(Dataset entries)
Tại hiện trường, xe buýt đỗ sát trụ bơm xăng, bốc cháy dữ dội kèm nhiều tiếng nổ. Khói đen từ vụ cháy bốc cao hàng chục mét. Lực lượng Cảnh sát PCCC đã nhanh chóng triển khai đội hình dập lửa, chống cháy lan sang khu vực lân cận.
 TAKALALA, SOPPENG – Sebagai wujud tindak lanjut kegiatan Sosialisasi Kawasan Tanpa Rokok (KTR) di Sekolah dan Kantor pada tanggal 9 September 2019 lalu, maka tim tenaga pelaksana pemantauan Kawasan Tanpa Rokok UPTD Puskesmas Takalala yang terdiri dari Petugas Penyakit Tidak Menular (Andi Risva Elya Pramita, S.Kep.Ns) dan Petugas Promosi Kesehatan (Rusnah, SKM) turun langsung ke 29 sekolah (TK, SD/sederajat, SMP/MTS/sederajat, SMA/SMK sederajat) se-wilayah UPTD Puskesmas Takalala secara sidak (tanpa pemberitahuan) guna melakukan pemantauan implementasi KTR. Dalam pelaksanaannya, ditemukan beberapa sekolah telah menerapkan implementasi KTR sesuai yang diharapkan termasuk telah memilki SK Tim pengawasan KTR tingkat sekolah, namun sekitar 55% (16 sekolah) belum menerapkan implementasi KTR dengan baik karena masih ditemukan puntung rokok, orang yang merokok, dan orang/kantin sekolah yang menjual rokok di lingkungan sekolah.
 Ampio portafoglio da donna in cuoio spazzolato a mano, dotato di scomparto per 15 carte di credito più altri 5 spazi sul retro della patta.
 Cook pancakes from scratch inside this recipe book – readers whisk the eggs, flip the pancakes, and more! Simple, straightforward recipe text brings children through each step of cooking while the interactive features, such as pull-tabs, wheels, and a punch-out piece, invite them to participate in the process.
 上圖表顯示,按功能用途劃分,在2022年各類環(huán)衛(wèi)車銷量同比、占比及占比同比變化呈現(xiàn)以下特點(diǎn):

- **What you should do**
Once you have read the records above, output each of them verbatim.

- **Written solution**
Tại hiện trường, xe buýt đỗ sát trụ bơm xăng, bốc cháy dữ dội kèm nhiều tiếng nổ. Khói đen từ vụ cháy bốc cao hàng chục mét. Lực lượng Cảnh sát PCCC đã nhanh chóng triển khai đội hình dập lửa, chống cháy lan sang khu vực lân cận.
 TAKALALA, SOPPENG – Sebagai wujud tindak lanjut kegiatan Sosialisasi Kawasan Tanpa Rokok (KTR) di Sekolah dan Kantor pada tanggal 9 September 2019 lalu, maka tim tenaga pelaksana pemantauan Kawasan Tanpa Rokok UPTD Puskesmas Takalala yang terdiri dari Petugas Penyakit Tidak Menular (Andi Risva Elya Pramita, S.Kep.Ns) dan Petugas Promosi Kesehatan (Rusnah, SKM) turun langsung ke 29 sekolah (TK, SD/sederajat, SMP/MTS/sederajat, SMA/SMK sederajat) se-wilayah UPTD Puskesmas Takalala secara sidak (tanpa pemberitahuan) guna melakukan pemantauan implementasi KTR. Dalam pelaksanaannya, ditemukan beberapa sekolah telah menerapkan implementasi KTR sesuai yang diharapkan termasuk telah memilki SK Tim pengawasan KTR tingkat sekolah, namun sekitar 55% (16 sekolah) belum menerapkan implementasi KTR dengan baik karena masih ditemukan puntung rokok, orang yang merokok, dan orang/kantin sekolah yang menjual rokok di lingkungan sekolah.
 Ampio portafoglio da donna in cuoio spazzolato a mano, dotato di scomparto per 15 carte di credito più altri 5 spazi sul retro della patta.
 Cook pancakes from scratch inside this recipe book – readers whisk the eggs, flip the pancakes, and more! Simple, straightforward recipe text brings children through each step of cooking while the interactive features, such as pull-tabs, wheels, and a punch-out piece, invite them to participate in the process.
 上圖表顯示,按功能用途劃分,在2022年各類環(huán)衛(wèi)車銷量同比、占比及占比同比變化呈現(xiàn)以下特點(diǎn):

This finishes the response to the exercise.